4.8. Phylogenetic Analysis
For phylogenetic analysis, SNPs of the collapsed transcripts from TAMA, cDNA cupcake and cogent were used for analyses with SNPhylo [73]. Collapsed transcripts of all cultivars obtained by cogent and cDNA cupcake were mapped against the IRGSP Nipponbare reference genome and SNPs were called utilizing the bcftools v1.9 pipeline [74]. For TAMA, HQ transcripts of all cultivars were collapsed based on the Nipponbare reference genome and the generated variant file was used to determine SNPs. Entries were filtered for the “M” type and defined as alternative alleles. The respective reference alleles were extracted with bedtools v2.27.0 from the reference genome. A simple SNP file was generated and used as input for SNPhylo.

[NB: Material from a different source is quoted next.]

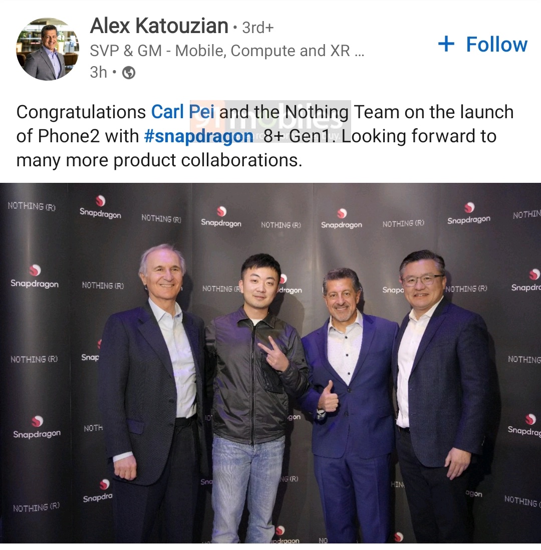 ・Nothing Phone (2) chipset accidentally confirmed by Qualcomm executive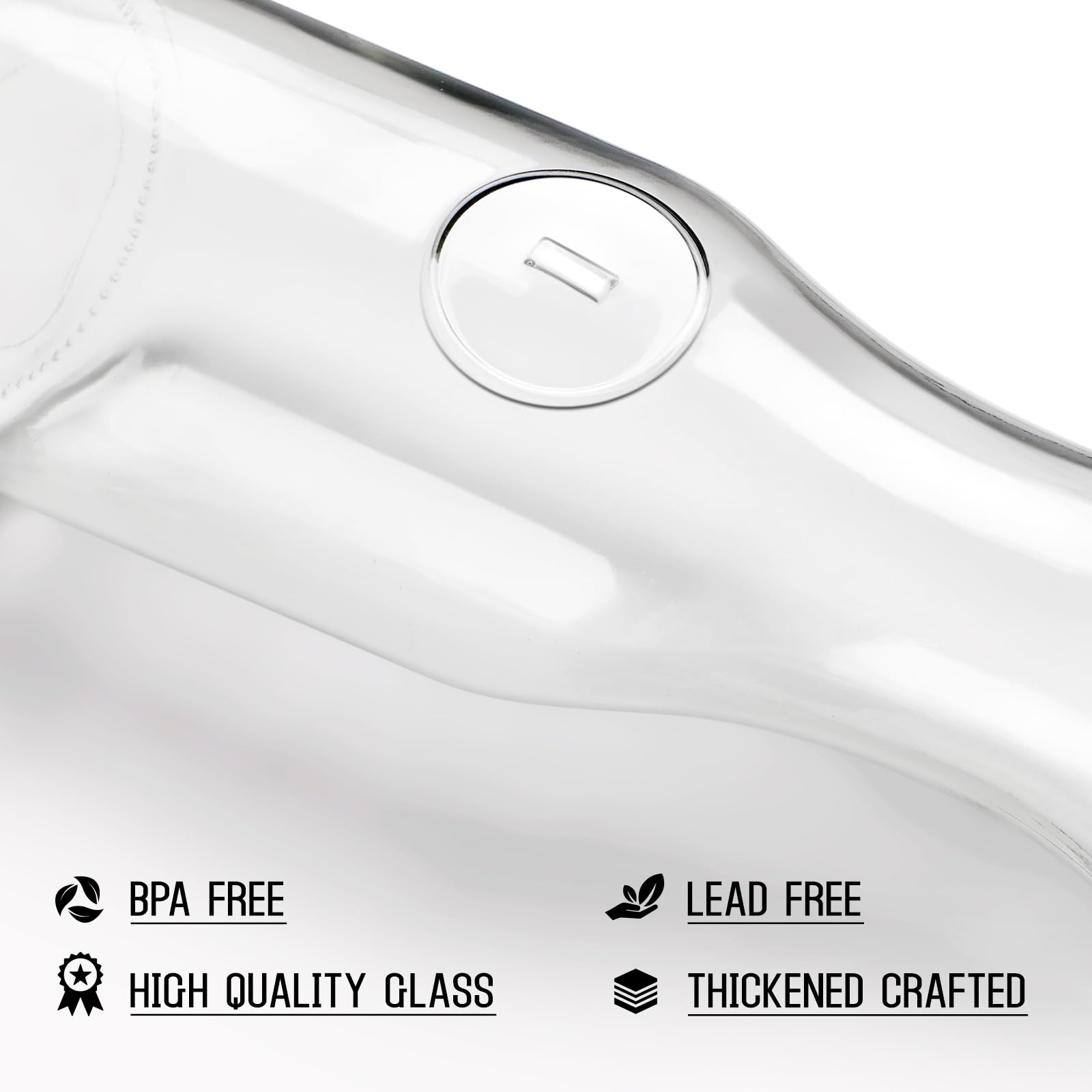 - Elegant and Thoughtful Design: With a clear and sophisticated design, these carafes not only enhance the presentation of your beverages but also feature a narrow neck design. This design allows for easy handling and pouring, ensuring a smooth, spill-free experience whether you're serving at a formal dinner or a casual gathering.

Phylogenetic trees were visualized with Figtree [75].
4.9. Comparison of Reconstructed Transcriptomes
HQ collapsed sequences were classified and compared with the existing IRGSP Nipponbare annotation using gffcompare v0.11.2 [76]. The classifications defined by gffcompare were generalized into annotated (classes “=” and “c”), novel isoform (classes “j” and “k”), retrained intron (classes “m” + “n”), novel antisense (class “x”), novel intronic/intergenic (classes “i” and “u”) and novel others (classes “o”, “y”, “e”, “s” and “p”).
4.10. Functional Annotation
ORFs were predicted with TransDecoder v5.5.0 [77]. The candidate protein coding regions were extracted by transDecoder.LongOrfs with a minimum length of 100 amino acids. Resulting ORFs were characterized according to similarities to known proteins by a blastp v2.3.0 search [38] (E ≤ 1 × 10−5) of the comprehensive Swiss-Prot protein database [78] (downloaded 09.09.2019) and for conserved protein domains using Hmmer v3.2.1 [79] based on the Pfam database [80] (downloaded 18.09.2019). Finally, likely coding regions were reported by the transDecoder.Predict module including all peptides with blast or domain hits. Additionally, HQ collapsed transcripts of all ten cultivars were searched against the Swiss-Prot database using blastx v2.3.0 (E ≤ 1 × 10−10). All results (blastp, blastx and Pfam) were parsed by Trinotate v3.2.0 [81], stored in an SQLite relational database and then reported as a tab-delimited transcript annotation summary file. Additional Gene Ontology (GO) information was extracted by Trinotate based on the Swiss-Prot database entries. Mercator v4.2 [41] was used as an additional functional annotation pipeline. HQ collapsed nucleotide sequences were submitted online [82] and resulting tables were downloaded. Trinotate and Mercator tables were merged to one table per cultivar and is available online [71]). For a detailed comparison with existing O. sativa bins, results were also compared to the rice MSU7 annotation on the Mercator website and saved. All transcripts without any annotation for Mercator or the TransDecoder-Trinotate pipeline were extracted and a blastn search (min. identity 85%, E ≤ 1 × 10−10) performed against all available cDNA files of Oryza wild species obtained from EnsemblPlants [83].
4.11. Determination of Common Overlap
Common overlap of transcripts among the cultivars was determined using blastn v2.3.0 [38] with stricter thresholds than before (E ≤ 1 × 10−10; min. identity 95%). The transcriptome data of the cultivars N22, IR64, and Nipponbare were transformed into blast databases and the transcripts of the remaining nine cultivars were searched against these databases. Results were filtered for the best hit for each database entry, and the common overlap was determined and visualized using the R package UpSetR [84].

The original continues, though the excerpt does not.